With this goal in mind, I sent an e-mail entitled “A call to Robust Whitman Males – Habitat for Humanity needs you” to numerous listservs.
The failure of Whitman men to respond to this e-mail is now legendary. After its dispatch to e-mail lists that I am confident included at least 500 men, I received one affirmative response.
It was from then-first-year Charlie Weems (yes, I am naming names) and he wanted to give three hours of his Saturday to help build a home for a family in our community. After several days of trying, I had still assembled fewer than five male volunteers. I was forced to compromise my original goal and filled the remaining spots with the ubiquitous service-minded girls of this college.
Can this anecdote help us understand the culture of male volunteerism (or lack thereof) at Whitman? Certainly it may be indicative of a problem, but establishes nothing in itself. When viewed alongside the following brief compendium of volunteer data, though, the disappointing male showing at Habitat appears to be part of larger trend. Consider the following:
• 55% of the Whitman student body is female, 45% is male
• Of approximately 170 applicants to the Whitman Mentor Program, Whitman’s largest service program, for fall 2009, 45 (approximately 26.5%) were male
• Of 99 applicants to the Adopt-A-Grandparent Program for fall 2009, 10 (approximately 10%) were male
• Of 48 applicants for the Youth Adventure Program, 17 (approximately 35%) were male
• Of 74 applicants for the Story Time Program, eight (approximately 11%) were male
Men, these are striking statistics. They demand not only your attention, but also your action.

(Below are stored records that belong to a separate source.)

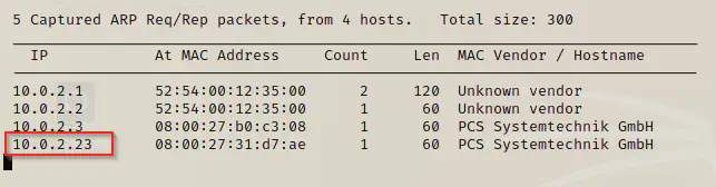 sudo netdiscover -i eth0 -r 10.0.2.1/24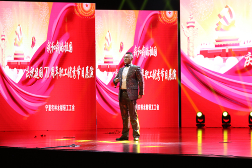 为庆祝中华人民共和国成立70周年,大力弘扬以爱国主义为核心的伟大民族精神,8月15日,宁夏农林水财轻工工会在宁夏工人文化宫成功举办庆祝建国70周年“我和我的祖国”职工优秀节目展演。集团公司选送的节目——独唱《我和我的祖国》同台参加了优秀节目展演。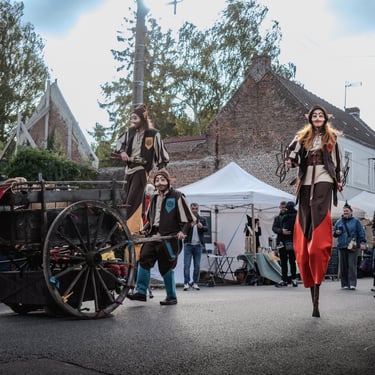Leur charrette, décorée de lanternes et de tissu colorés, devient un véritable théâtre ambulant où les lutins réalisent leurs performances.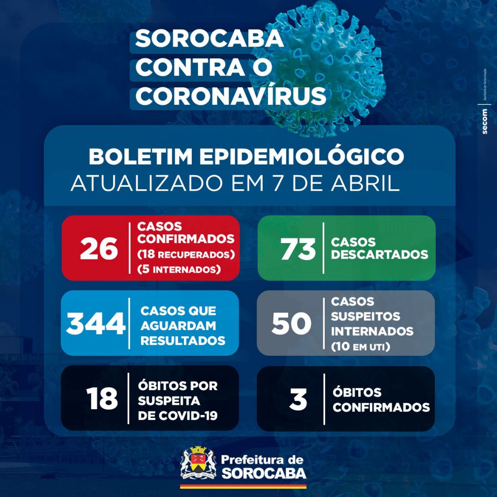 Nesta terça-feira (07), a Prefeitura de Sorocaba, por meio da Secretaria da Saúde (SES), registrou um novo caso confirmado da COVID-19. Com isso, já são 26 casos confirmados na cidade. Deste total, cinco estão internados (quatro em UTI) e 18 já se encontram recuperados. Além disso, três óbitos foram registrados por conta da doença.
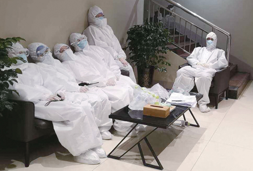 顾不上休息,张田胤和同事们迅速穿好防护服,进入工作状态。登记信息、安排入住、告知注意事项、测量体温、送生活必需品,与消毒人员进行沟通……凌晨的办公室里一片忙碌,待到一切安排就绪,130位入境人员全部入住酒店,已是凌晨四点。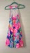 Vibrant floral sleeveless fit and flare dress featuring pink, blue, and green hues. Crochet Lacey bust details adds a stylish sexy fun touch. EUC size 6. Super flattering!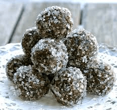 Round/oval candies filled with fruit preserves or cream and covered with chocolate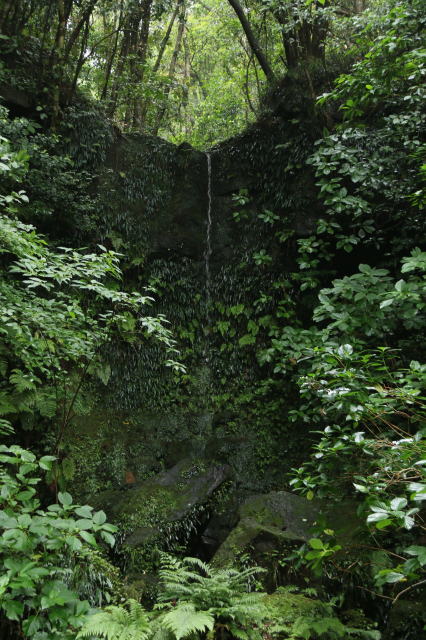 | 次の場所へ車で移動中に見つけた滝。 写真ではわかりにくいですが、高さはかなりあって20mくらいはあったでしょうか。 細く流れていますが、常時こんな感じらしいです。 確かに太く強く流れたような跡は見当たりません。 三原山から周囲に均等に流れ落ちてくるらしく、絶え間なく一定の水量で流れているようです。 |
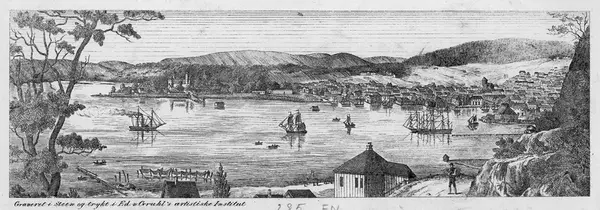 utsikt, fjord, bukt, by, seilskip Domkirken (Vår Frelsers Kirke) er avbildet før ombygningen i 1850.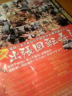 事務所のドアに挟んであったチラシに「出張回転寿し」の文字がっ!電話一本で来てくれるんだってさ。ヒジョーにひかれる!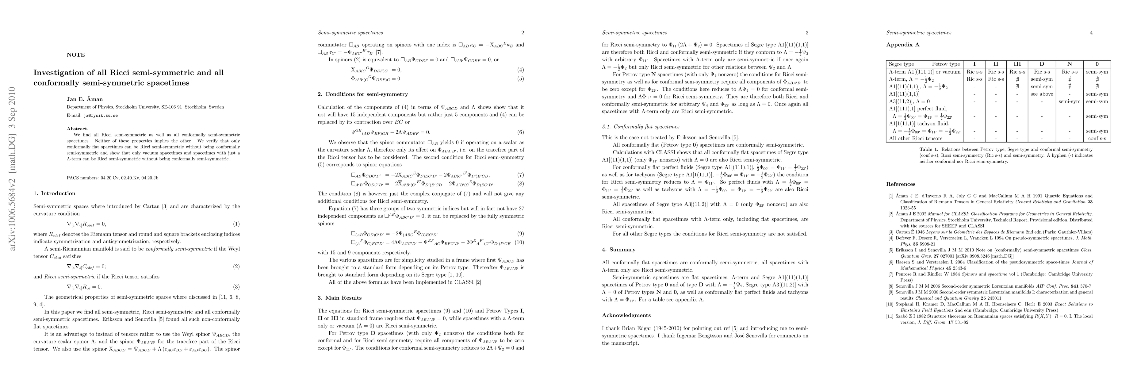 We find all Ricci semi-symmetric as well as all conformally semi-symmetric spacetimes. Neither of these properties implies the other. We verify that only conformally flat spacetimes can be Ricci semi-symmetric without being conformally semi-symmetric and show that only vacuum spacetimes and spacetimes with just a $\Lambda$-term can be Ricci semi-symmetric without being conformally semi-symmetric.

I spoke with senior Molly Carroll, lead intern for the Whitman Mentor Program, to discover the specific effects that lack of male involvement will have on her program this year.
The Mentor Program pairs at-risk children, the mentee, in Walla Walla elementary schools with a “big friend,” the mentor, from Whitman who visits them at school once weekly to provide a positive role model and consistent friend.
Mentees are nominated by each school’s Intervention Specialist as students who would most benefit from having a mentor relationship.
According to Carroll, students nominated to receive a mentor are primarily boys in need of a male role model. Often, these mentees have been selected because their father is in prison or absent.
With only 45 male mentors available, Carroll will have to turn away male mentees.
“Often the form will specify or request specifically a positive male role model, and so we try our best to match them with a male. Often, though, we have to match them with females or not at all,” Carrol said.
The Mentor Program’s case is just one manifestation of a distinct need for male volunteers to step up on this campus.
Like mentees need role models, so do Whitties on occasion.
Male RAs, help your first-years find a way to involve themselves in the community. Fraternity philanthropy chairs, ask yourselves if you and your brothers can do more for the community. Readers of this paper, write a letter to the editor and comment online with your thoughts on male volunteerism.
I firmly believe that giving your time to serve others can and should be regarded as a ‘manly‘ pursuit. Service is an outward demonstration that you are capable of and willing to think beyond yourself. To demonstrate your compassion and your passion in a tangible way, and to see the impact of your work.
Surely these are things any man should undertake.